It wasn’t just the attitude towards fellow colleagues that
bothered me. It was the attitude towards our candidates, the very people we
were supposedly helping. As I look back, if there was a tipping point, then it
was the way my then manager treated one
of my candidates. I remember the candidate was called Sanjay. He was a refugee
from Eritrea. Upon escaping violence and making it to the UK, Sanjay had worked
multiple jobs for years in order to pay his way through accountancy exams. He
successfully achieved his ACCA qualification and started work as a management
accountant. When I interviewed Sanjay, my manager Paul sat in to assist.
Sanjay was smart in appearance, had been successful in his
current role and was ready to move his career forward. I felt convinced we
should represent him and start looking for roles. My manager Paul said no.
Absolutely not. Sanjay had a pronounced stutter which he later informed me was
heightened when nervous. As Sanjay was an accountant, the fact that he had a
speech impediment barely registered with me. Not so with Paul.
“Bin him.” He declared after the interview.
I asked why?
“We’re not putting a stuttering clown in front of our
clients.” Came the reply from Paul.
I tried desperately to argue the case but Paul was adamant
and made it clear I was damaging my own employment prospects by objecting.

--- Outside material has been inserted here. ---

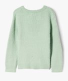 Laissez-vous séduire par la douceur et la panoplie de couleurs douces de ce pull fille ! Le pull est fabriqué dans une maille côtelée extensible, pour une coupe près du corps qui reste très confortable. Il se démarque particulièrement par sa maille duveteuse très élégante. Le pull à manches longues présente un col rond classique à accessoiriser de bijoux fantaisie ou d'une jolie écharpe. Ce pull pour fille sera parfait avec un jean wide leg tendance ou glissé sous une salopette.

It dawned on me that we were simply selling people. I had
been raised to believe that people should be kind to one another. I was clearly
in the wrong place.
So why the elaborate back story? What has this got do with
anxiety?
Well…everything as I later understood.
I was burning the candle at both ends. I was destroying
myself physically and mentally. When my lightening of panic stuck it seemed
that it came out of the blue…a curse. However as I hope you can see, this is
actually far from the truth.
I had never heard of anxiety as a real condition. I thought
it just meant someone who spent their whole time worrying about things or was
in some other ways just a big ‘scaredy cat’ like the cartoon character
Snagglepuss. What I now realised was both my outer and inner landscapes were
approaching breaking point. I was getting little sleep, no exercise, living an
entirely urban existence despite growing up in the countryside, drinking too
much and working in a way that directly conflicted with my core values. If
there was a Tao, a way of living that suited me…this was the opposite…I needed
a warning, and by God I got one!
I remember it was an end of quarter celebration of some
kind. There had been a re-structure in the company and I had a new manager, a
very successful, high earning recruiter called Dawn.
Dawn did not attend the celebration but told me to be at
Euston station at 8am the next day as we were heading off to meet a potential
new client.
The party was pretty fierce and involved each team taking
part in some kind of floor show. As I recall we did a kind of 1970’s disco
routine.
It was a fairly late night and I shuffled along to Euston
station not feeling particularly well. I didn’t think much of it as being hung
over had become a fairly standard way to spend a morning.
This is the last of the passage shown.